Isn’t that just the greatest concept? Wouldn’t it be wonderful if the food we bought came in edible packaging? Guess what–it does!
Nature provides the ideal package for protecting the flesh inside, letting it breathe and mature at its own pace. As far as possible, I try to select food that is loose in a display, where I can see and feel what it’s really like on all sides. I can think of little in a grocer’s that annoys me more than a shrink-wrapped cucumber, which seems firm in the shop but turns out to be hours away from liquid as soon as you get it home. But I digress.

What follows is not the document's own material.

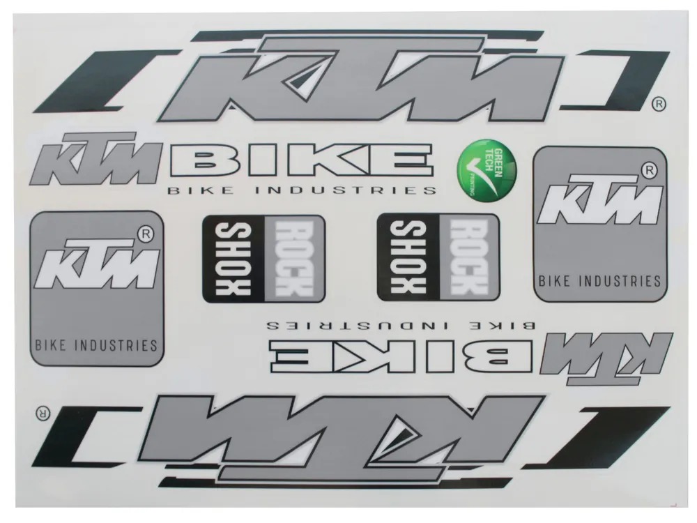 9 Aufkleber KTM Bike Industries Logo Sticker auf Bogen 17,2 x 24,8cm Schwarz-Silber Fahrrad E-Bike Saisonangebot

I do go on a bit about keeping the skins and peels on fresh produce. Just wash and use, I say. Much of the time, this works fine, whether you’re eating the food raw or cooking it. I can’t remember a time when I didn’t eat the skins of raw apples, yet it’s standard instructions to peel them when making a pie, so I felt quite rebellious the first time I decided not to. Yes, the texture is different, and if the pieces are very big you might get a spot of chewiness here and there. But keeping the peels adds colour and retains more of the minerals and fibre that make apples (and so many other foods) good for us. So either make the pieces smaller, or make a virtue of your new texture discovery!
The other day, I tried to make a list of all the foods whose skins I routinely eat versus those I don’t, compared with how other people treat them. It was too complicated. But I remember having been shocked upon learning that an aunt of mine ALWAYS peels her mushrooms. What?! Why? They are so delicate, you’ll destroy them and lose all the flavour in the process. I hadn’t really been conscious of skins on mushrooms, but I could at least imagine what my aunt was doing. On the other hand, a year or so ago when my MIL suggested peeling celery, I was completely flummoxed. What is there to peel??
So, on the possibly surprising side, I routinely cook and eat the skins of zucchini (courgettes/marrows), eggplant (aubergine) and (sometimes) even winter squashes. It is a matter of having sufficient moisture, thin enough slices, and/or produce that is not so mature that the skins are tough as leather. I love the opportunities for controlling the shapes on my plate that keeping the skins on affords. Stuffing these veggies with whatever kind of stuffing you like and slow-baking them, covered, is a good way to improve digestibility of the skins. They look really pretty, and if your knife and fork ‘accidentally’ rip through the packaging, you have a chance to find out if it’s to your taste.
And yet, I still routinely peel carrots, particularly for eating raw. Except if they’re very young. There is a touch of bitterness in carrot peel that I don’t like.
What about you? What peels do you usually eat that might be surprising? If you avoid peels that other people often eat, why is this? Tell me!